Kleden en dekbedden zijn beide soorten bedovertrekken, hoewel ze op iets andere manieren worden gebruikt. Door regionale verschillen in dialect kan hetzelfde artikel in verschillende landen echter zowel een quilt als een dekbed worden genoemd.
Technisch gesproken is een quilt een bedbedekking die uit twee of meer stukken bestaat en waartussen isolatie zit. In het gewone gebruik is een quilt echter een vlakke bedbekleding. Het meest voorkomende type quilt is een patchwork quilt, waarbij de voorkant of bovenkant uit veel verschillende stukken stof bestaat. De achterkant is gewoonlijk anders dan de voorkant, met een effen kleur in plaats van veel verschillende lapjes. Tussen de twee zit een laag dunne vulling.
Er zijn ook wholecloth quilts, waarbij de voorkant uit één enkel lapje stof is gemaakt. Bij deze quilts ligt de nadruk meestal meer op het decoratieve stiksel dan op de stofpatronen.

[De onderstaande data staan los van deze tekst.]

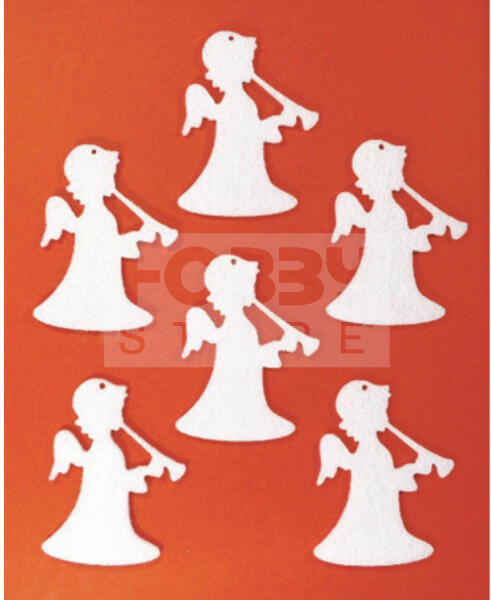 Filcfigura - Angyal álló trombitás (6 db/cs, átm. kb. : 6 cm) 23265 A barkácsfilcek és a hobbi filcek rengeteg színárnyalatban kaphatóak. Ragasztható, varrható, ideális bábok, füzetborítók, képek, rátétek könnyű és gyors elkészítéséhez és díszítéséhez. Használhatóak táskák és különböző textil termékek, dekorgumik díszítéséhez is. Különösen ajánlott
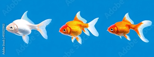 Naklejka premium Vibrant Goldfish Trio Isolated Against Solid Blue Background for Aquarium or...

Historisch gezien werden ze vooral gebruikt als bedovertrekken. De voorkanten van patchwork quilts werden meestal gemaakt van kleine restjes stof die overbleven van andere projecten, zodat ze niet werden verspild.
Heden ten dage kunnen quilts worden gebruikt voor een verscheidenheid van doeleinden. Ze worden nog steeds op bedden gebruikt, maar het unieke uiterlijk van een patchwork quilt heeft er een kunstvorm van gemaakt. Sommige quilts hebben ingewikkelde afbeeldingen op de voorkant, een enkele grote afbeelding, of zelfs een serie vierkanten die een verhaal vertellen, zoals de bijbelquilt van Harriet Powers. Afgezien van hun oorspronkelijke doel, zijn ze gebruikt om alles te doen, van het onderwijzen van anderen tot het vastleggen van de geschiedenis en het herdenken van belangrijke gebeurtenissen om te helpen bij fondsenwerving en campagnes. Ze kunnen op bedden worden gelegd, maar ze worden ook opgehangen aan muren, gebruikt in kleding, gebruikt als gooitapijt, gebruikt als tafelkleed, gebruikt voor de zijkanten van tenten, en tentoongesteld op openbare evenementen.
Comforters worden alleen gebruikt als bedbedekking. Ze hebben de neiging veel pluiziger te zijn dan dekbedden, met veel meer isolatie of vulling, en de voor- en achterkant hebben de neiging hetzelfde te zijn.
Er is wat verschillende terminologie rond het comforter. Het woord “comforter”, evenals de comforters zelf, wordt alleen in het Amerikaans Engels gebruikt. Buiten Amerika worden ze niet vaak gebruikt, maar in Australië zou hetzelfde ding een “doona” worden genoemd. In het Verenigd Koninkrijk worden ze in het Brits “eiderdowns”, “duvets”, “continental quilts”, of gewoon “quilts” genoemd. De meeste van deze namen worden echter vaker gebruikt voor dekbedden dan voor comforters.
Dubedden zijn iets anders dan comforters. De naam, ‘duvet’, is Frans voor ‘dons’, zoals donsveren op een vogel. Dit is ook de reden waarom zij en comforters eiderdonsdekens worden genoemd: zij waren gewoonlijk gevuld met het dons van de eidereend.
Duvets zijn gewoonlijk dikker dan comforters. Dekbedden kunnen hoezen hebben om ze langer te laten meegaan, maar dekbedden hebben altijd een hoes die eromheen gewikkeld is als een kussensloop. Dekbedden zijn altijd even groot als de matras, maar dekbedden zijn altijd iets groter, zodat ze over de randen kunnen hangen. Tot slot worden dekbedden meestal bovenop een laken gebruikt, terwijl dekbedden direct kunnen worden gebruikt, omdat een dekbed door de hoes gemakkelijker te wassen is dan een dekbed.
Samengevat zijn dekbedden platte stoffen die bestaan uit een gedecoreerde voorkant, een ongedecoreerde achterkant en daartussen een isolatielaag. Dekbedden zijn dikker, meestal niet versierd, en de twee zijden zijn vaak hetzelfde. Terwijl dekbedden veel verschillende toepassingen hebben, worden dekbedden alleen als bedovertrek gebruikt. Er zijn ook dekbedden, die nog dikker zijn dan dekbedden. De term “comforter” wordt alleen in het Amerikaans Engels gebruikt. Quilts, comforters en duvets worden in het Brits allemaal ‘quilts’ genoemd, en comforters en duvets zijn ‘doonas’ in het Australisch Engels.